A week of focus on children’s mental health is very welcome, and we know that children, parents and carers, teachers and anyone working with young people will be pausing to think about mental health.
We want children to be able to talk about mental health - both their own and the general idea of mental health - but we know that in order to do this they need to be within supportive environments.
Children in supportive family environments might talk about it with a parent, carer, or other family member, and children in schools might be having specific lessons or assemblies this week that are designed to give them the chance to pause and reflect on what mental health means to them and to their classmates.
We welcome the opportunities that Children’s Mental Health Week gives to these children.
However, things are not so straightforward for others.
Many children living within supportive family environments can be struggling with their own mental health, their reactions to the mental health challenges of those closest to them, or the circumstances they find themselves in over which they have no influence.

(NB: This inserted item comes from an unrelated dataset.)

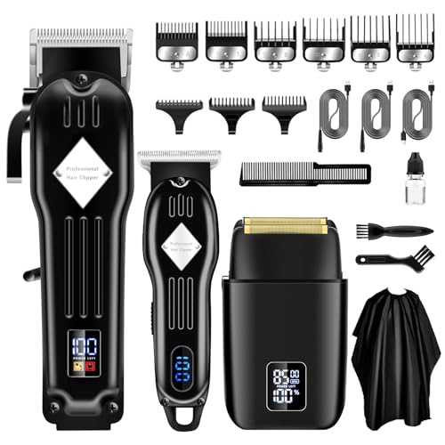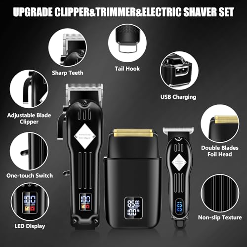 Professional Barber Clippers Set: This multifunctional hair clipper set combines the functions of clipper, detail trimmer and foil shaver in one. The large cordless clipper is fast and efficient, with an adjustable blade that easily cuts all hair types and lengths. The T-blade beard trimmer is perfect for precise trimming, grooming, sideburns, neck, beard lines and men’s shaving. The Bald Shaver works well on dense, short and thick hair and the ultra-thin blade mesh gives a close shave

There are also children who do not have a supportive home environment where they can safely express how they feel.
There are children for whom the very act of getting to school is almost overwhelming to the point where they cannot contemplate any reflection on their own mental health because it threatens to tip them into not being able to cope.
There are children moving through placements who have yet to find anyone with whom they can feel safe. There are children separated from their families.
There are children who are the carers of the people who we would expect to be caring for them. There are children in hospital who have to endure medical procedures and separation from home and family.
We can think of ‘finding your brave’ as something that we might expect children to do to show how well they are doing when faced with something difficult or challenging.
In the context of mental health, we might think of it as the ways in which children show courage in the face of adversity, or how they show us how resilient they are - even though we know that resilience is not something children have on their own.
We might think of ‘finding your brave’ as something that children do that is visible to adults, but things are much more complicated than this
Some of the children who experience the most complex challenges - like those described above - find their brave every day, but it may be invisible to the rest of the world.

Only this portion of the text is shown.